Implementation:Shiyu coder Kronos QlibDataset Usage
| Field | Value |
|---|---|
| implementation_name | QlibDataset_Usage |
| type | API Doc |
| repository | https://github.com/shiyu-coder/Kronos |
| source_file | finetune/dataset.py:L9-130 |
| implements | Principle:Shiyu_coder_Kronos_Qlib_Training_Dataset |
| last_updated | 2026-02-09 14:00 GMT |
Summary
The QlibDataset class is a PyTorch Dataset that pre-computes all valid sliding window indices from pickled financial data, randomly samples from them during each epoch, and returns instance-normalized feature tensors.
Class
QlibDataset(Dataset)
API Signature
QlibDataset(data_type: str = 'train') -> QlibDataset
Import
from dataset import QlibDataset
Dependencies
picklerandomnumpytorchtorch.utils.data.Datasetconfig.Config
Input
data_type(str): Either'train'or'val'. Determines which pickle file to load and the number of samples per epoch.- Reads
Configinternally for paths, window parameters, feature lists, and clip values.
Output
__getitem__ returns a tuple (x_tensor, x_stamp_tensor):
| Tensor | Shape | Description |
|---|---|---|
x_tensor |
(window, n_features) |
Normalized feature window (float32) |
x_stamp_tensor |
(window, n_time_features) |
Time feature window (float32) |
Where:
window = lookback_window + predict_window + 1 = 101(with defaults)n_features = 6(open, high, low, close, vol, amt)n_time_features = 5(minute, hour, weekday, day, month)
Constructor Details
def __init__(self, data_type: str = 'train'):
- Creates a
Configinstance internally - Validates
data_typeis'train'or'val'(raisesValueErrorotherwise) - Loads the corresponding pickle file (
train_data.pklorval_data.pkl) - Sets
n_samplesfromConfig.n_train_iter(100,000) orConfig.n_val_iter(20,000) - Initializes a dedicated
random.Randominstance withConfig.seed - Computes window size:
lookback_window + predict_window + 1 - Pre-computes all valid
(symbol, start_index)pairs - Generates time features (minute, hour, weekday, day, month) from the datetime column
- Caps
n_samplesat the total number of available sample indices
Key Methods
set_epoch_seed(epoch)
def set_epoch_seed(self, epoch: int) -> None
Sets a new seed for the random sampler: Config.seed + epoch.

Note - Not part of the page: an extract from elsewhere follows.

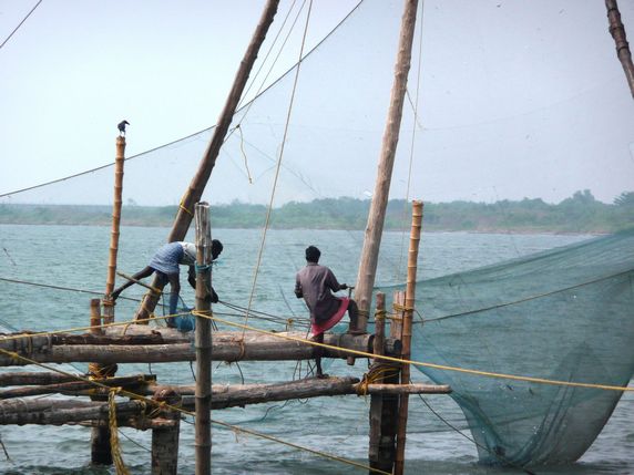 xarxes de pesca xineses són sens dubte un dels elements únics de Kochi. Es creu que van ser introduïdes per comerciants de la cort de Kublai Khan, sobirà del gran Imperi Mongol. Són instal.lacions fixes que són usades com inusual mètode de pesca. Durant la marea alta les xarxes són submergides en aigües poc profundes durant un curt període de temps, d'uns cinc i deu minuts, fins que és alçada mitjançant un sistema de contrapesos per un equip de quatre homes, capturant els petits peixos que arriben fins a allí. Es un espectacle curiós de veure. La xarxa ocupa una superfície de mes de 200 mts quadrats, i cadascuna d'elles s'alça uns 20 metres sobre l'aigua.

This is crucial for reproducibility in distributed training (DDP), ensuring each epoch sees a different but deterministic ordering.
__len__()
def __len__(self) -> int
Returns self.n_samples, the number of samples per epoch.
__getitem__(idx)
def __getitem__(self, idx: int) -> tuple[torch.Tensor, torch.Tensor]
Note: The idx argument is ignored. Instead, a random index is drawn from the pre-computed self.indices list using self.py_rng. This ensures random sampling over the entire dataset for each call.
Steps:
- Draw a random
(symbol, start_idx)pair - Extract the sliding window of size
windowfrom the symbol's data - Separate main features and time features
- Apply instance-level normalization:
(x - mean) / (std + 1e-5) - Clip normalized values to
[-clip, clip](default[-5.0, 5.0]) - Return as PyTorch float32 tensors
Normalization
Instance-level normalization is computed per window:
x_mean, x_std = np.mean(x, axis=0), np.std(x, axis=0)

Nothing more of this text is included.